Q: Should I create one route table per subnet or share tables across subnets?

Share tables across subnets that follow the same policy. A single route table associated with every subnet that needs the same egress behavior is far easier to reason about and to change, because one edit updates them all and there is exactly one place to read the intent. Creating a unique table per subnet produces dozens of nearly identical tables that drift apart as different engineers edit them, and a drifted table is precisely where silent routing failures hide. Name tables and routes for their purpose rather than their mechanics, so the next engineer understands the intent without reverse-engineering prefixes. Reserve a dedicated table for a subnet only when its routing genuinely differs, such as a perimeter subnet with its own appliance and propagation settings. Managing the shared tables as code, with reviewed changes, keeps the layout consistent and recoverable as the environment grows.

Q: How do service endpoints differ from routing changes for reaching Azure services privately?

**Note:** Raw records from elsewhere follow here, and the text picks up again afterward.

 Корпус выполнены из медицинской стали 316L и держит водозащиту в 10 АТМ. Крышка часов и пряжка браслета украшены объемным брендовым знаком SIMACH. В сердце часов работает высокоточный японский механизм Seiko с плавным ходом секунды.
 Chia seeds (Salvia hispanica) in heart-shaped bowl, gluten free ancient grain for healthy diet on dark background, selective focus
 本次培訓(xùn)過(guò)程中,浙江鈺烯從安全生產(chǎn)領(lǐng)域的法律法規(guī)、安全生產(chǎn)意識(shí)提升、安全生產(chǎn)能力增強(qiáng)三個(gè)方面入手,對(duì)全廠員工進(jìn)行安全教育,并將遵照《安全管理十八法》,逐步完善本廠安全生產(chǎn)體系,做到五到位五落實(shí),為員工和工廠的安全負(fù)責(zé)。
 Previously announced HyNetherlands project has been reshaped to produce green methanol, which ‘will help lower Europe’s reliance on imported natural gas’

Service endpoints and route tables solve adjacent problems differently. A service endpoint does not introduce a private IP or a user-defined route; it tags traffic at the subnet level so an Azure service recognizes it as coming from a trusted subnet and applies network rules accordingly, while the traffic still uses the platform’s optimized path. Because it adds no private address, it interacts with routing far less than a private endpoint does and rarely needs a supporting user-defined route. A private endpoint, by contrast, projects the service into your virtual network as a private IP and installs a specific system route for it. So when you only need a service to trust a subnet, a service endpoint is lightweight and routing-neutral, whereas when you need a private IP reachable across peering or on-premises, a private endpoint with its more specific route is the right tool, and you avoid steering its traffic through an appliance that does not expect it.

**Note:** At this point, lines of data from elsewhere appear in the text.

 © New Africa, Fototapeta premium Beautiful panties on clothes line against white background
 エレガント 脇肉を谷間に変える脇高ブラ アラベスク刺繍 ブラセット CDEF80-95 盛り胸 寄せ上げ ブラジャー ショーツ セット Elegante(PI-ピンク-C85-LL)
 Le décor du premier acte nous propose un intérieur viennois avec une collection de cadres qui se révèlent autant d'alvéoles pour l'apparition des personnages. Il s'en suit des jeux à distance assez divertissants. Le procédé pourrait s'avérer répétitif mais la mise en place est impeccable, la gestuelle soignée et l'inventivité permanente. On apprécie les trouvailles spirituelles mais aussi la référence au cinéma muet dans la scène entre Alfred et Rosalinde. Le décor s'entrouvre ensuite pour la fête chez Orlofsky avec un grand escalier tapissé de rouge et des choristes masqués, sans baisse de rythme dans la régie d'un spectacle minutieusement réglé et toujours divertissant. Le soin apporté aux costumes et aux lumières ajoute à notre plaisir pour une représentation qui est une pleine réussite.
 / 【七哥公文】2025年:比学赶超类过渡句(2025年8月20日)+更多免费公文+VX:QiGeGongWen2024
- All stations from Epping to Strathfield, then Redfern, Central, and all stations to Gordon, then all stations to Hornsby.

Q: How can I make Azure routing failures visible instead of waiting for user reports?

Because routing faults are silent by design, with no data-path log when a packet is dropped or misrouted, you compensate by adding observation the platform does not give you for free. Monitor the health of any appliance that a 0.0.0.0/0 route depends on, since that route makes the appliance a hard dependency for all egress, and alert when it degrades. Watch for unexpected changes to a subnet’s effective routes, which can catch a propagation surprise or an accidental override before it causes an incident. Periodically validate the live next hop for critical source-and-destination pairs using the next-hop diagnostic so a drifted route surfaces proactively. This instrumentation turns the silent class of failures into something you detect and act on, embodying the broader habit of reasoning from the mechanism: once you know routing fails quietly, you build the signal that makes the quiet audible.